NYU Law offers several fellowships to students admitted to the LLM Program. The Hauser Global Scholarship admits eight to ten top LLM students from all over the world. The scholarship includes full tuition waiver and reasonable accommodation costs. In addition, it offers the Hugo Grotius as well as Vanderbilt scholarships for International law studies and other branches of law respectively.

The school has a law and business program in which eight student-leaders in law and business are awarded fellowships in the Mitchell Jacobson Leadership Program.

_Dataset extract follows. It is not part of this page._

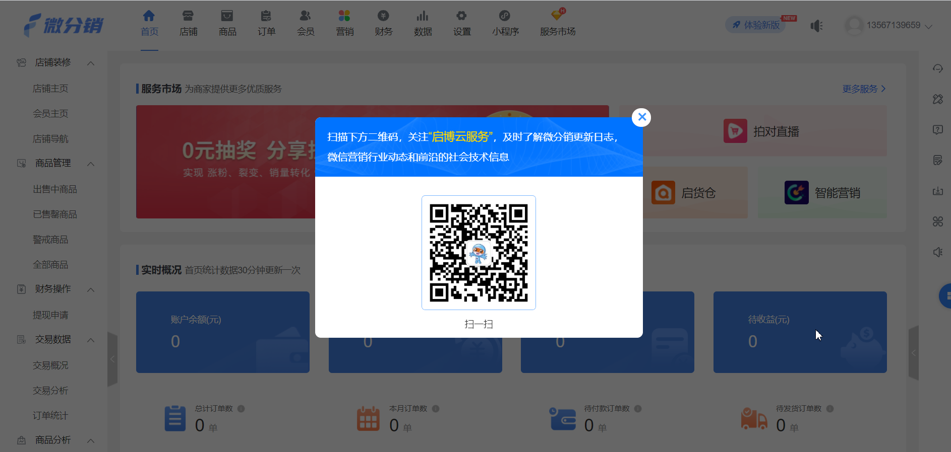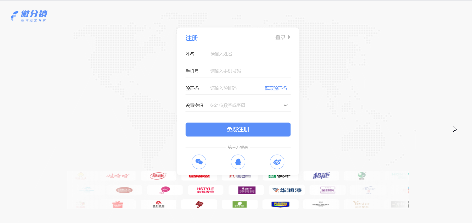 (5)注冊成功后跳轉(zhuǎn)至微分銷首頁;
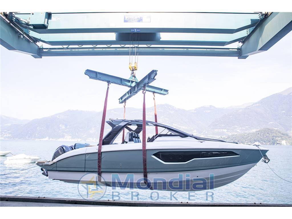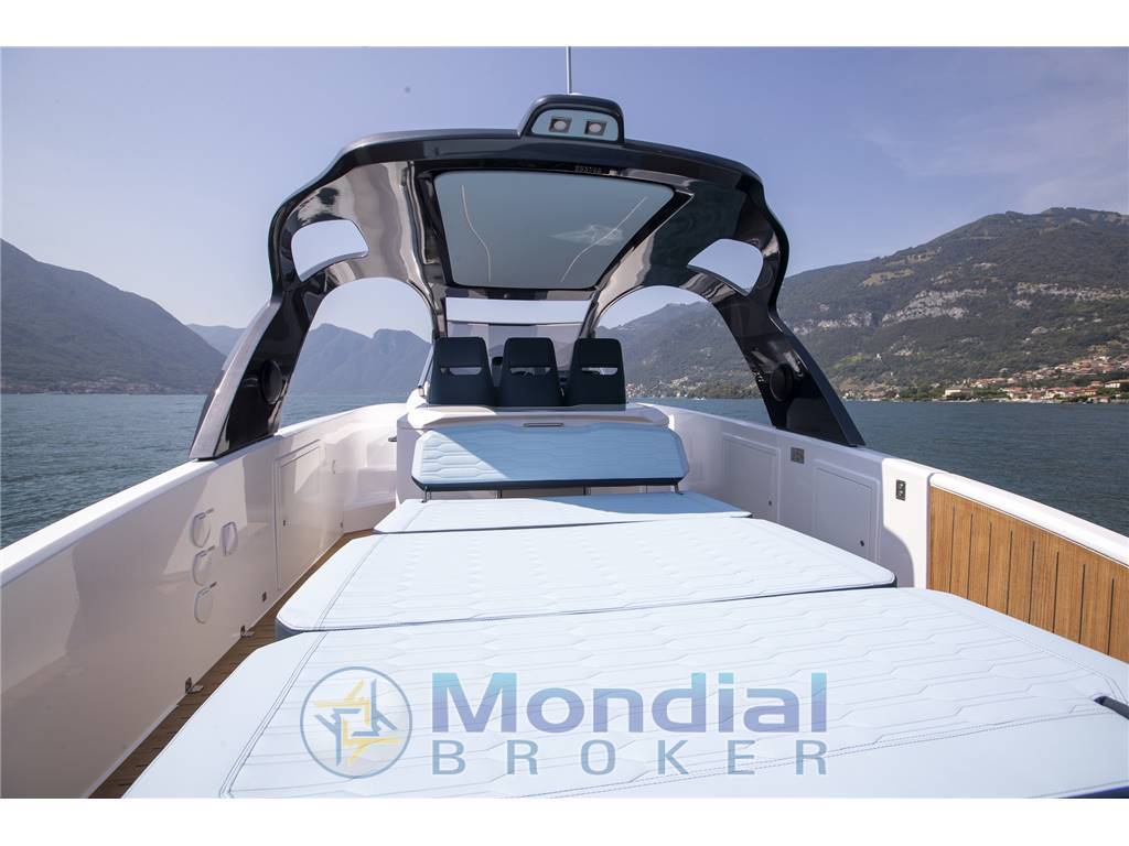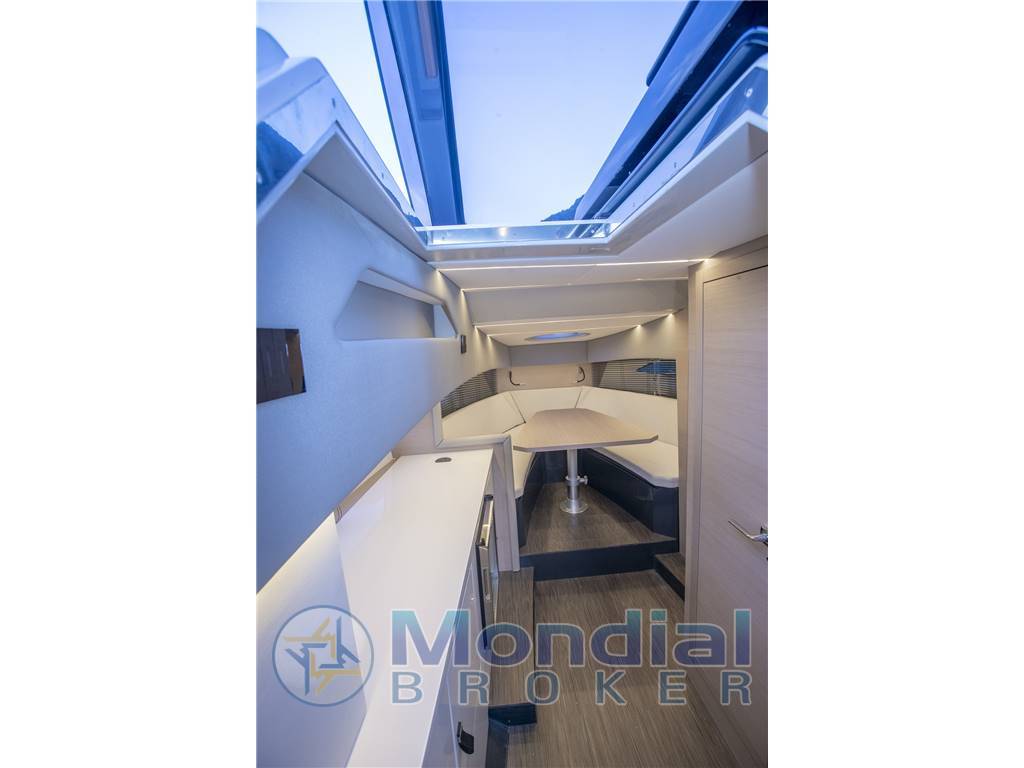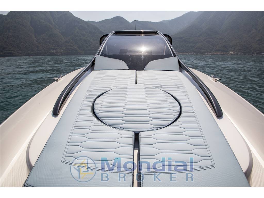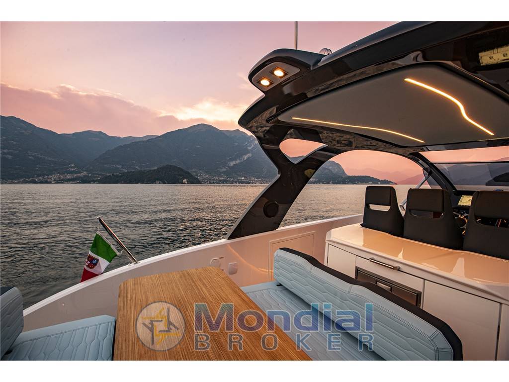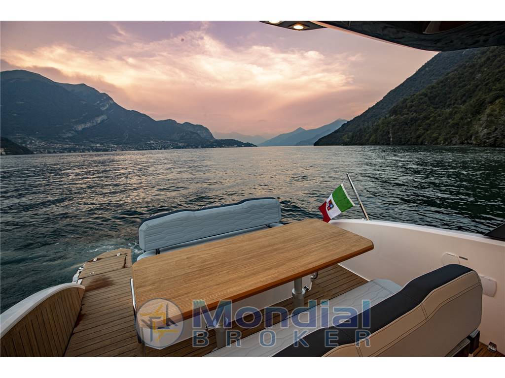 Notas internasLa cabina principale, curata nei minimi dettagli, è impreziosita da mobili in essenza pregiata e pavimenti di alta qualità. Le ampie finestrature laterali garantiscono grande luce naturale, mentre l’illuminazione a LED integrata nel cielino esalta il design moderno. L’altezza interna consente una comoda abitabilità anche in piedi. A dritta è presente un bagno completo con doccia separata, mentre a sinistra un elegante mobile in Corian ospita una cantinetta per i vini e, su richiesta, un secondo fuoco con forno. A poppa è situata una seconda cabina per gli ospiti, accessibile tramite una scala d’ingresso sollevabile elettricamente che può essere sollevata a mano in caso di emergenza. Notas de la instrumentación- Plancia di comando ergonomica con display multifunzione- Strumentazione elettronica personalizzabile (Raymarine o Garmin su richiesta) - GPS/plotter, ecoscandaglio, VHF - Controlli digitali motori - Indicatori livello carburante e acqua - Impianto elettrico 12V/220V - Quadro comandi completo - Caricabatterie e prese USB Notas de armamento- Hard Top con aperture laterali e frontali- Estensione in tela dell’hard top per zona living a poppa - Sponda laterale idraulica apribile - Due plancette di poppa - Cuscineria completa interna ed esterna - Tendalino e coperture - Impianto doccia esterno - Serbatoi acqua e carburante di grande capacità - Ampio frigorifero con ghiacciaia - Lavandino, piano cottura (elettrico o a gas), griglia su richiesta - Cabina ospiti - Illuminazione LED interna ed esterna - Salpa ancora elettrico - Scaletta bagno inox |

In addition, the NYU Center for Law, Economics and Organization administers the Lawrence Lederman Fellowship to facilitate the study of Law & Economics the program provides a $5,000 scholarship to selected students to work closely with NYU Law faculty and participate in a series of collaborative workshops designed to help students write a substantial research paper.

NYU Law also hosts the original chapter of the Unemployment Action Center.

LL.M. in Taxation Program
NYU Law School's LL.M. programs in Taxation and in International Taxation have been consistently ranked first by the U.S. News & World Report magazine since they started ranking specialty law school programs in 1992. Brant Hellwig is currently the faculty director of the program.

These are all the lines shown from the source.